▸ **Work instructions**: Word for word, repeat the lines of the records from the first line up to and including the line that contains "Herumgrppiert im EG", passing over any pictures.

(Stored items)
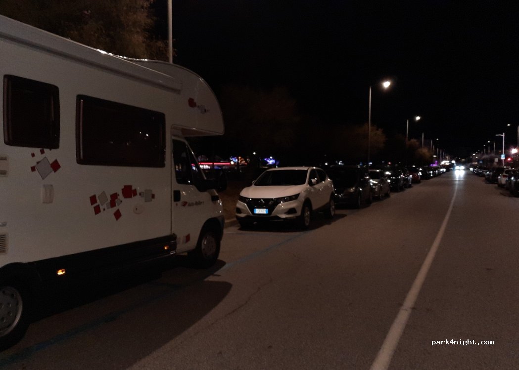 Parcheggio in un piazzale e anche lungo la strada, tollerato per i camper con un sovraprezzo del 50 % ( 1,20 euro\ora)
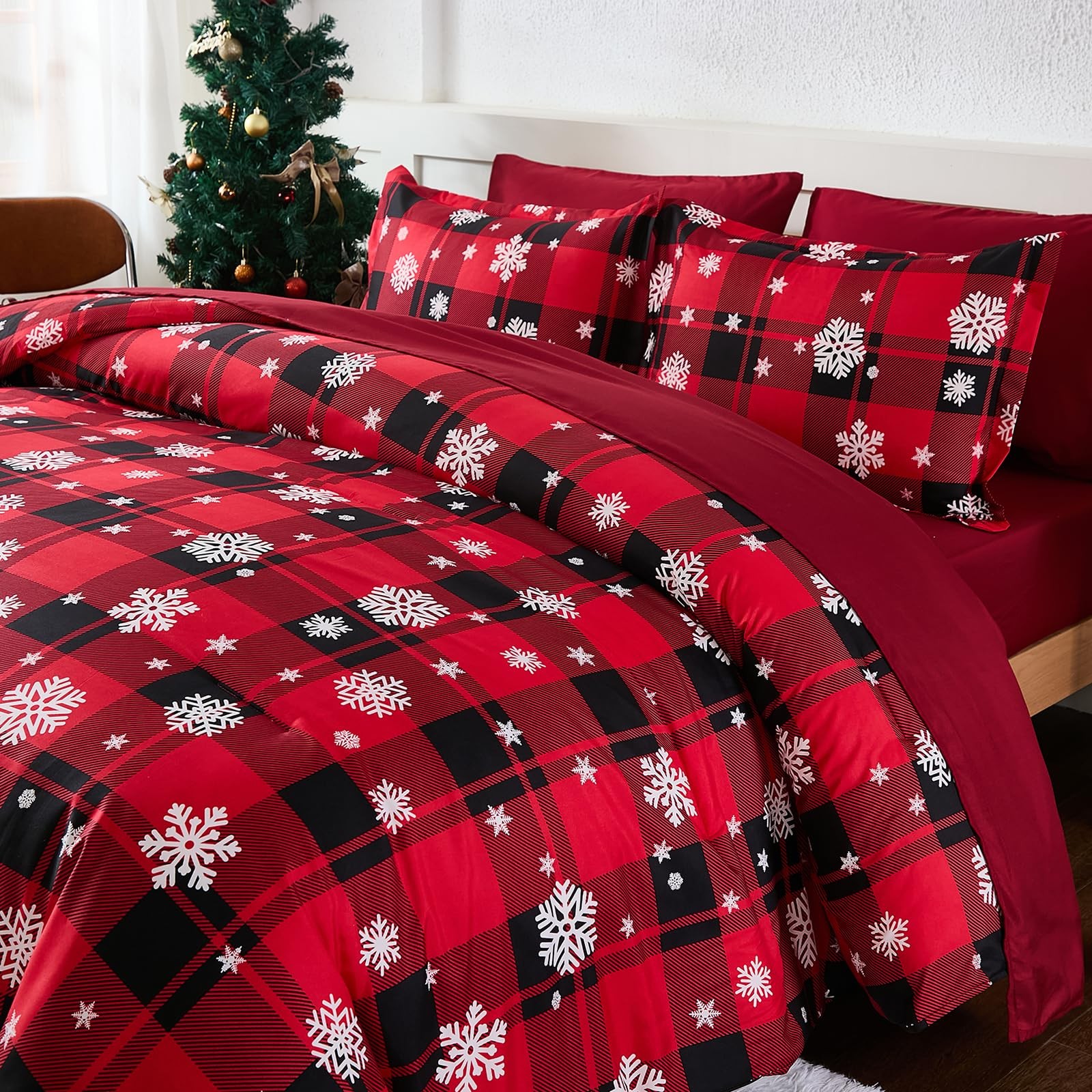 Christmas Queen Size Bedding Set, Christmas Comforter Set 7 Piece Red plaid S...
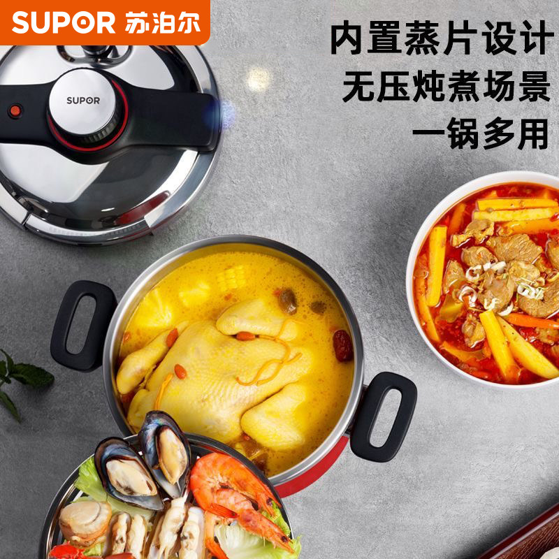 📚 苏泊尔悦旋压力锅304不锈钢100KPa高压家用高压锅燃气电磁炉适用
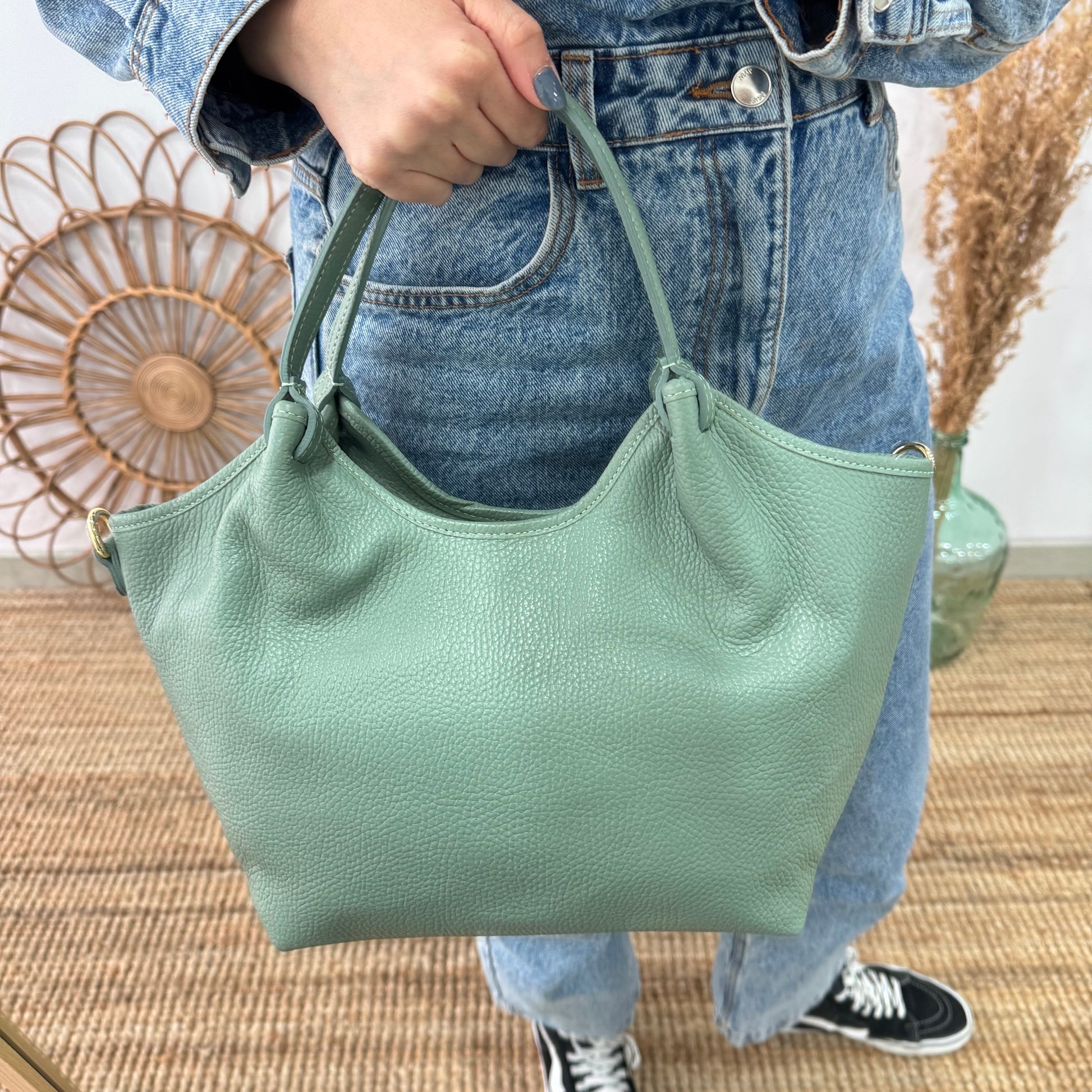 Nuestro bolso con asas de piel en color mint.
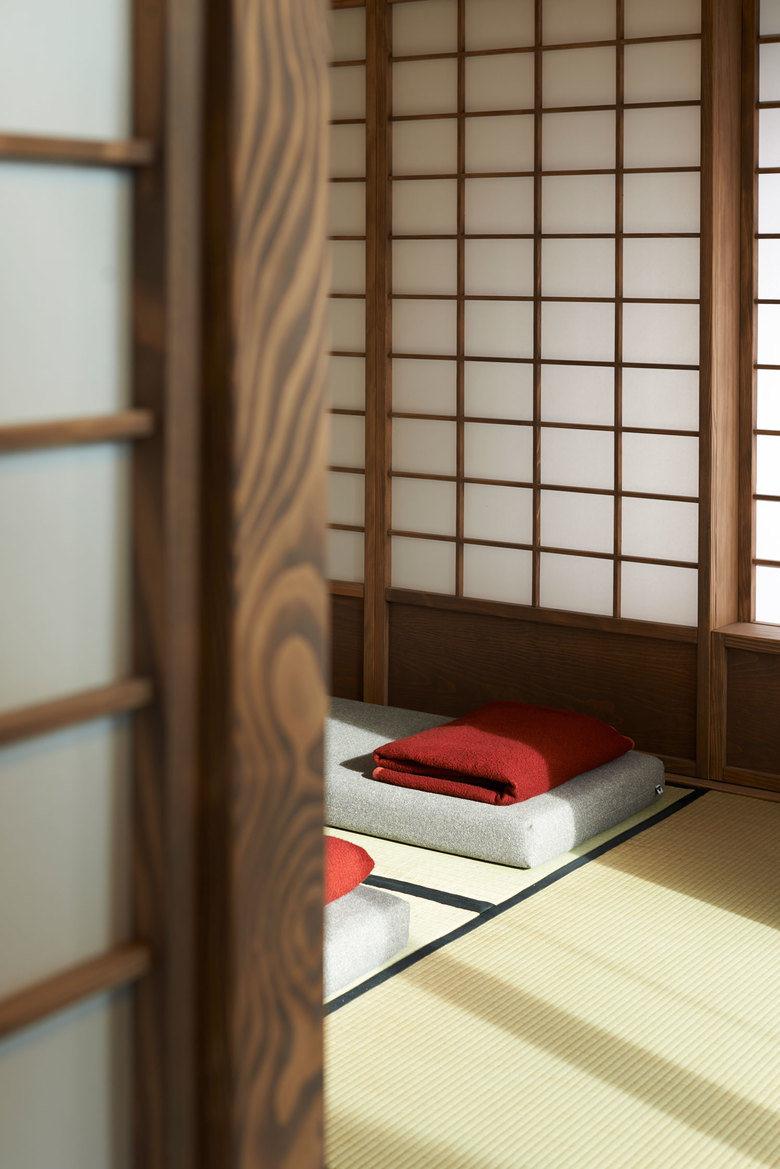 Herumgrppiert im EG eine Bambus- und Dampfsauna, Umkleiden, Waschräume mit japanischen Sitzduschen. Im OG konventionell möblierte Ruhezonen im Wechsel mit traditionellen, mittels Shoji Wände abgetrennten, Tatamiräumen
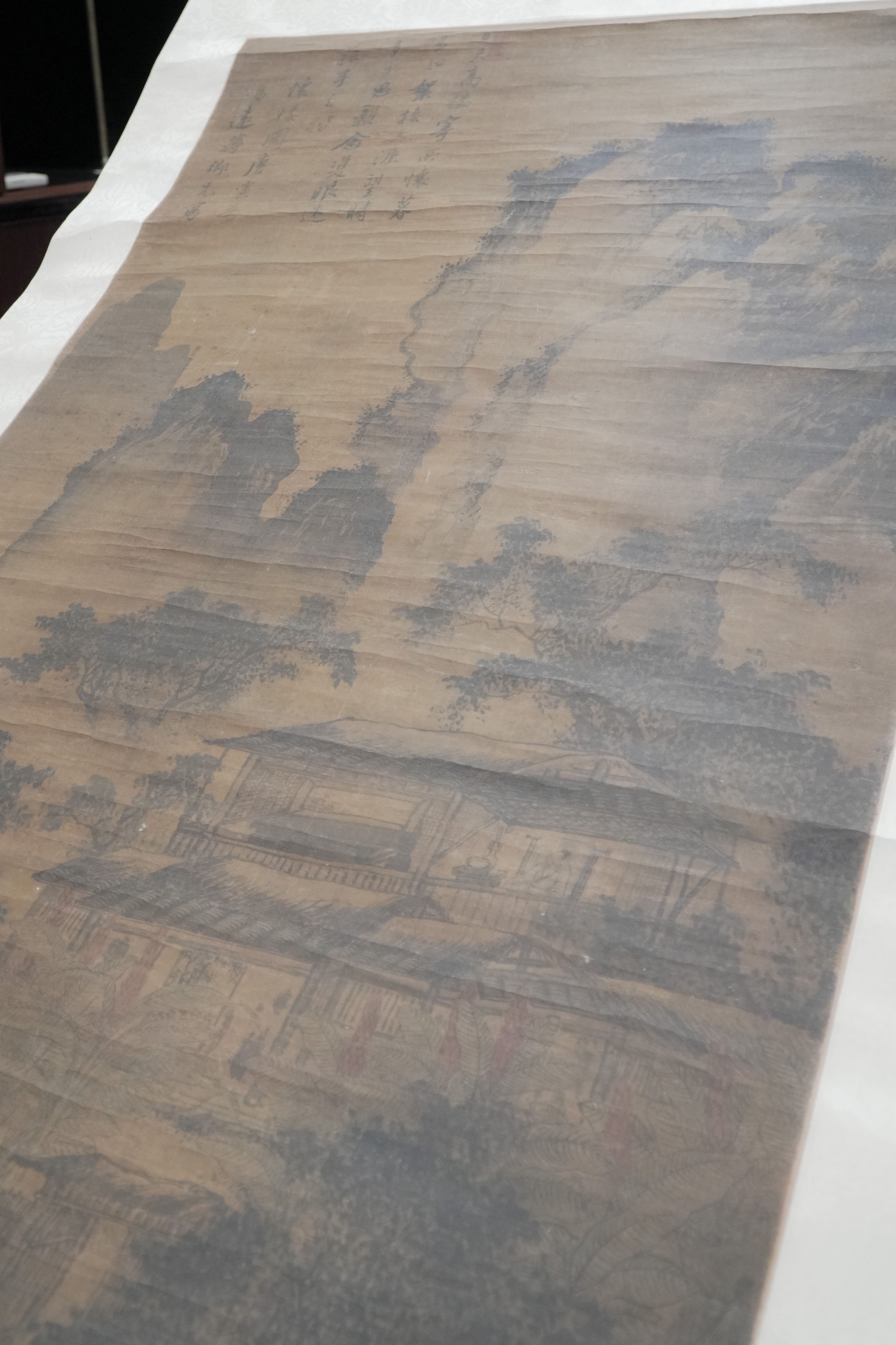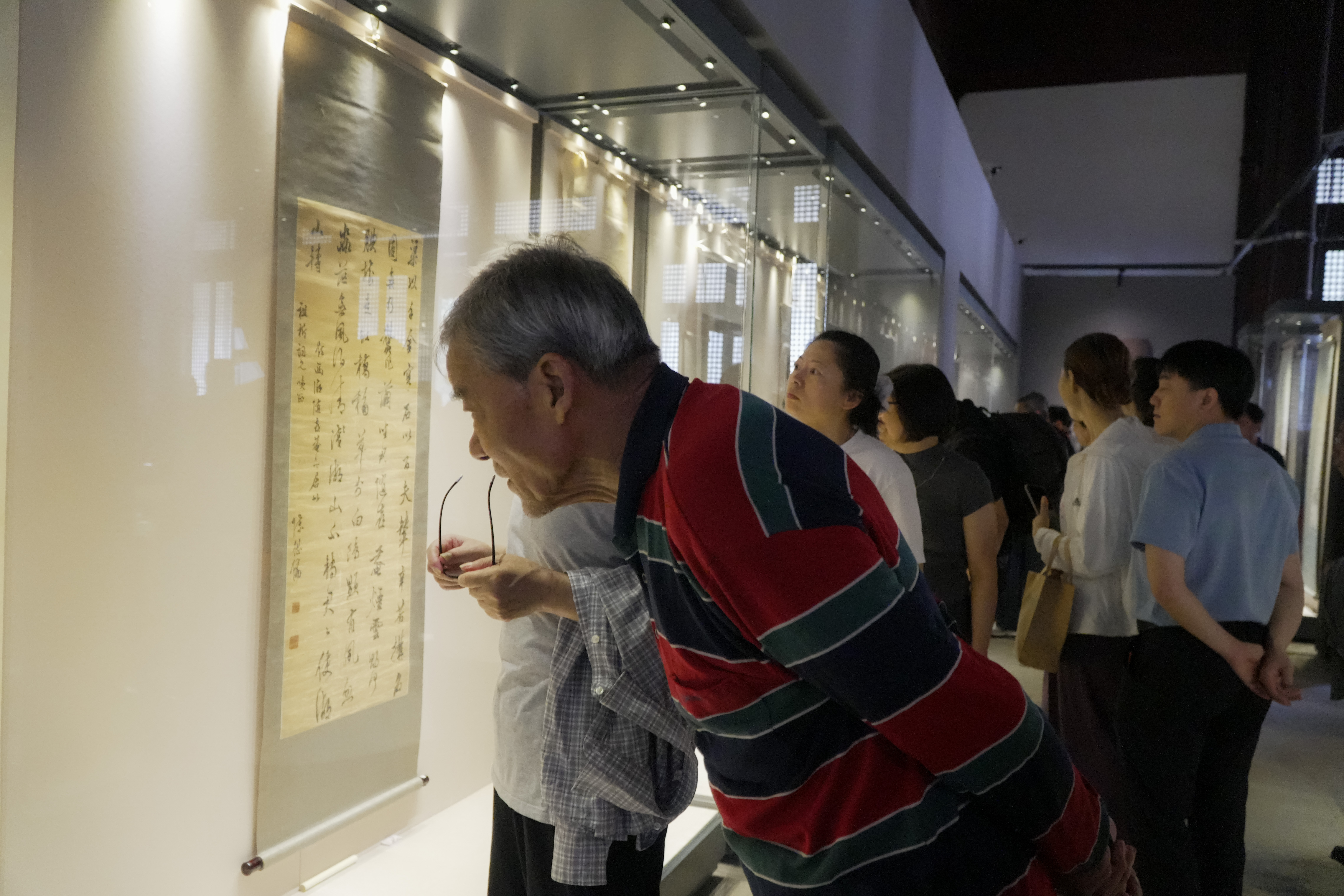 当天,书画展区还为观众呈现了书画艺术的多元风貌。其中不乏董其昌、陈继儒的书法,蓝瑛的山水,陈洪绶极具个性的人物画,以及刘墉等帖学名家的墨迹。尤为引人注目的是唐寅的《怀楼图轴》,这幅为同乡蒋鸣远创作的山水轴,以“百尺高楼寄所怀”的题诗传递浓浓乡愁,笔墨细腻工整,皴法灵活多变,是吴门画派的经典之作。此次还特别设置“扬州八怪”展区,郑板桥的兰石、李鱓的松树,这些作品以诗书画结合的方式,打破传统束缚,凸显的强烈个性表达与地域文化特征,成为清代艺术生态中一抹鲜活的亮色。
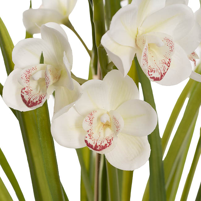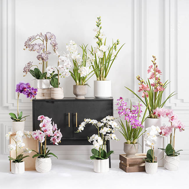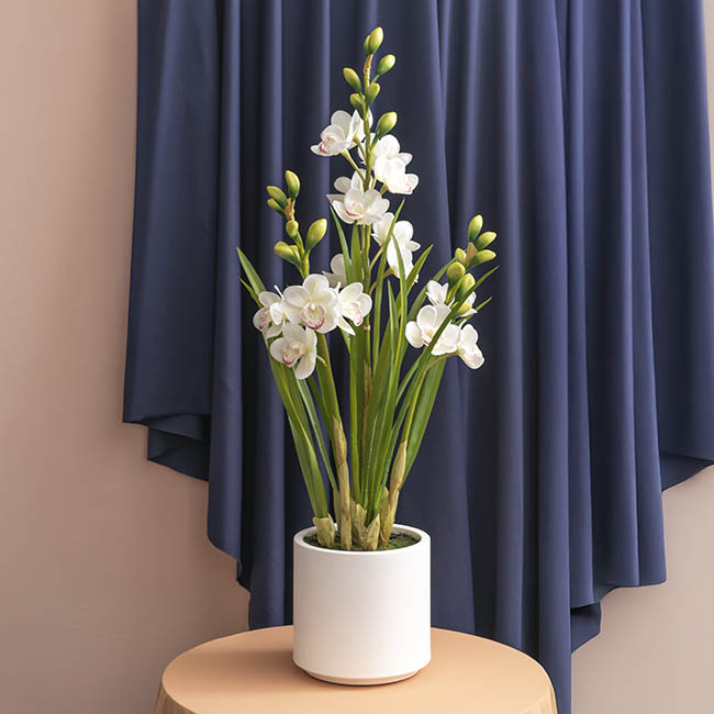 Add a touch of sophistication to your home with this elegant potted Cymbidium orchid, featuring three stems of real-touch white orchids in a simple white plastic pot. The pot measures 17cm in diameter and 18cm tall, making it the perfect size for any space. Upon unpacking, the arrangement can be styled to your liking, and for a more realistic finish, you can spray the leaves with Koch & Co's leaf shine spray to achieve a glossy, fresh appearance.
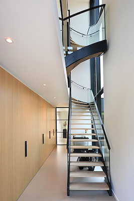Een kwalitatief programma van eisen en de wens voor een hoge entree werden vertaald naar een indrukwekkende entree over meerdere verdiepingen, met links een kastenwand, eveneens over alle verdiepingen en rechts een hoog raam. Het woongedeelte en keuken zijn beiden voorzien van grote, glazen schuifdeuren voor maximale verbinding met buiten. De werkplek op de begane grond kan volledig afgesloten worden en is weggewerkt in een lange kastenwand die doorloopt vanuit de keuken. De eerste etage is voor de drie dochters met een gezamenlijke badkamer, en de bovenste etage is voor de ouders met een ruime slaapkamer met een enorm panoramisch raam, eigen badkamer en kastenwand.
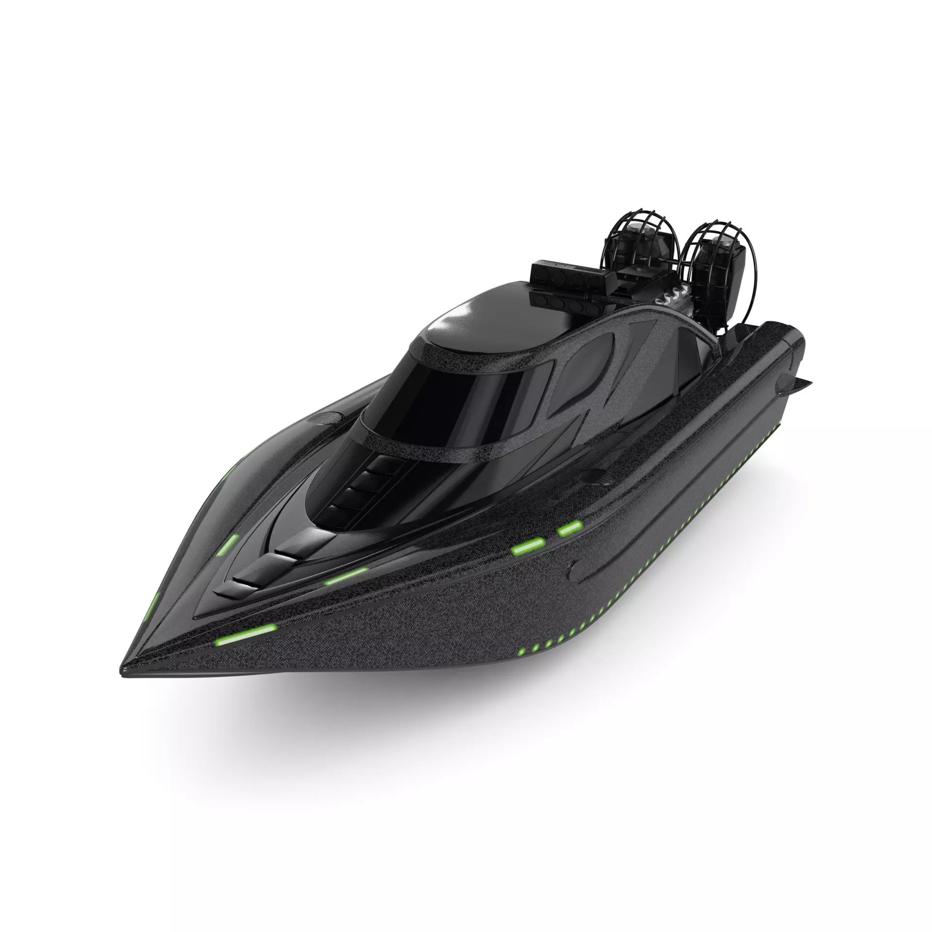 A futuristic recreational airboat with a cutting-edge design, featuring a sleek black carbon fiber hull and neon green accents. The boat is equipped with advanced technology, including LED lights that illuminate the water at night and a touch-screen control panel for easy navigation. The streamlined shape and angular edges give it a dynamic and modern look, perfect for thrill-seekers on the water.

▸ **Response area**:
 Parcheggio in un piazzale e anche lungo la strada, tollerato per i camper con un sovraprezzo del 50 % ( 1,20 euro\ora)
 Christmas Queen Size Bedding Set, Christmas Comforter Set 7 Piece Red plaid S...
 📚 苏泊尔悦旋压力锅304不锈钢100KPa高压家用高压锅燃气电磁炉适用
 Nuestro bolso con asas de piel en color mint.
 Herumgrppiert im EG eine Bambus- und Dampfsauna, Umkleiden, Waschräume mit japanischen Sitzduschen. Im OG konventionell möblierte Ruhezonen im Wechsel mit traditionellen, mittels Shoji Wände abgetrennten, Tatamiräumen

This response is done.